#### [DATA PROVIDED]

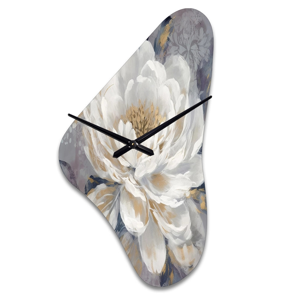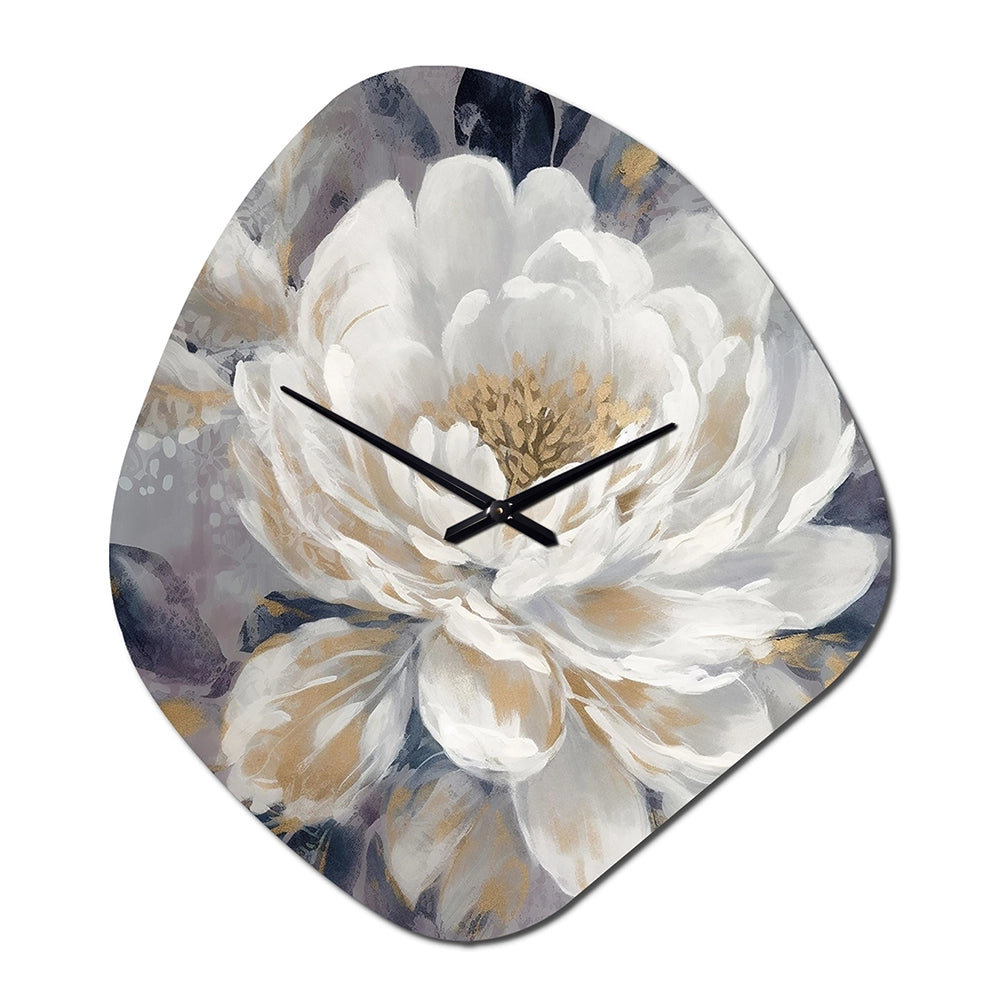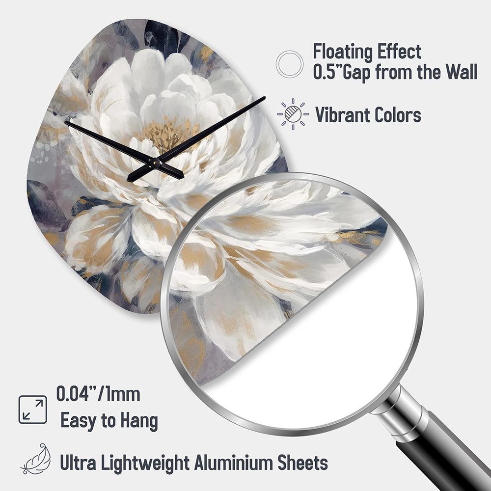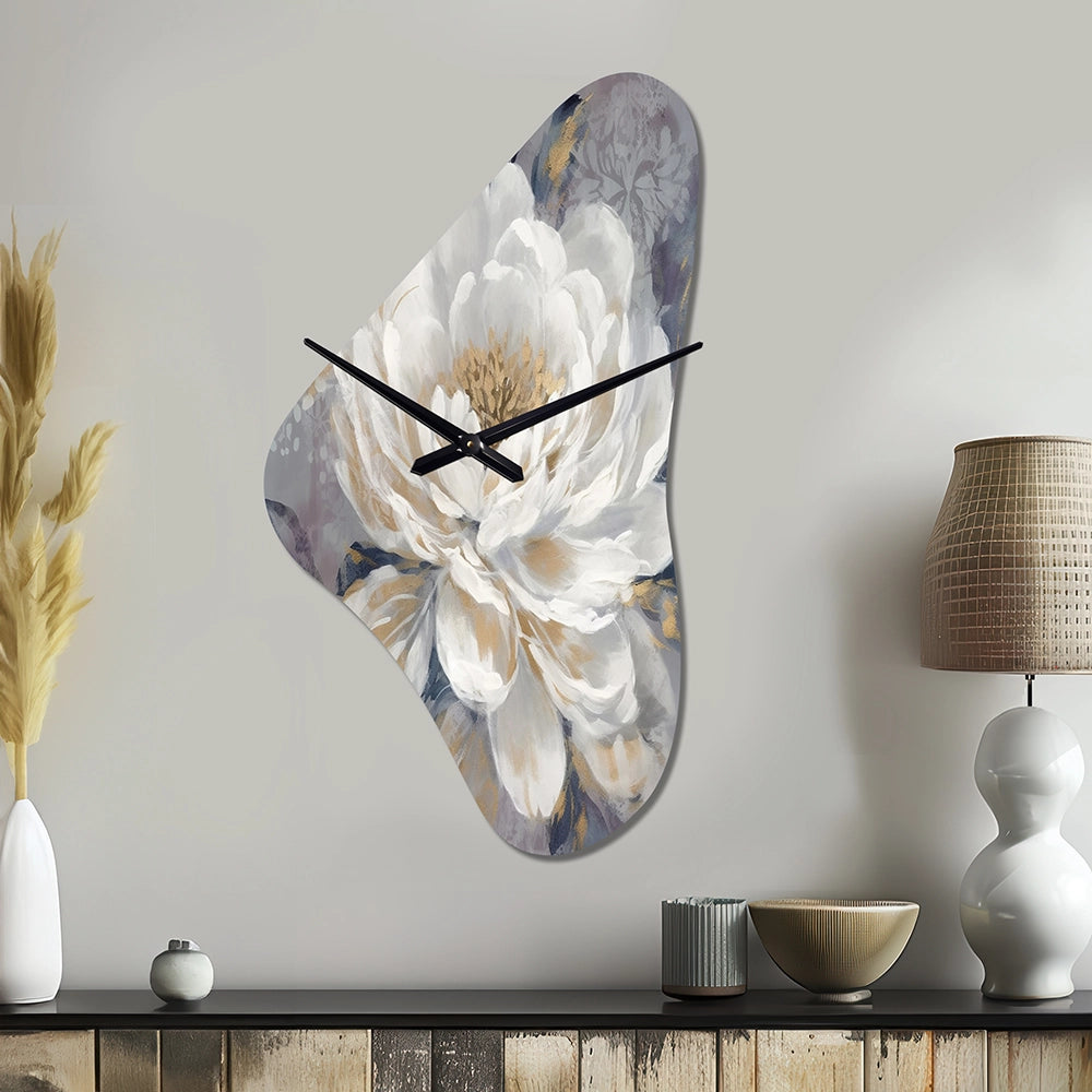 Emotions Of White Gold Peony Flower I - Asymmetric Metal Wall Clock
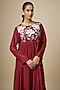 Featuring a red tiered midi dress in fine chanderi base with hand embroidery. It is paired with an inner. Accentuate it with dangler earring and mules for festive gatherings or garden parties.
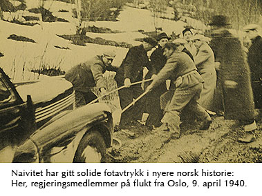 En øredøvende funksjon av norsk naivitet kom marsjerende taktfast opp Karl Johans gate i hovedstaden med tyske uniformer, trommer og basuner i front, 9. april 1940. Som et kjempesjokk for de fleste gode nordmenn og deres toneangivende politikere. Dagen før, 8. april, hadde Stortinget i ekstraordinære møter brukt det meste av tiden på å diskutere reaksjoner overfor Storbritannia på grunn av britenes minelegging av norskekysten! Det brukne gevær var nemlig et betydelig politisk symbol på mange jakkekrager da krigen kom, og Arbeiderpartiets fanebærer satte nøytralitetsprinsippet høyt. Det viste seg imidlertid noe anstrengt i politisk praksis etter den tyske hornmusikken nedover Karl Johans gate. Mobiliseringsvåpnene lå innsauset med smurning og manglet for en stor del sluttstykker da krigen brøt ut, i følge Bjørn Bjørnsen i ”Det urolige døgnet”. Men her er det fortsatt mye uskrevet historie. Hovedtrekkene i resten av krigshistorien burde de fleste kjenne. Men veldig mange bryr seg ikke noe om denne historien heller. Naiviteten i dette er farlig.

#### [WHAT THE TASK REQUIRES]
Nothing should appear in the answer except the lines from the first line of the data through the line holding "Featuring a red", exactly as written, with pictures left out.

#### [ANSWER AREA]
 Emotions Of White Gold Peony Flower I - Asymmetric Metal Wall Clock
 Featuring a red tiered midi dress in fine chanderi base with hand embroidery. It is paired with an inner. Accentuate it with dangler earring and mules for festive gatherings or garden parties.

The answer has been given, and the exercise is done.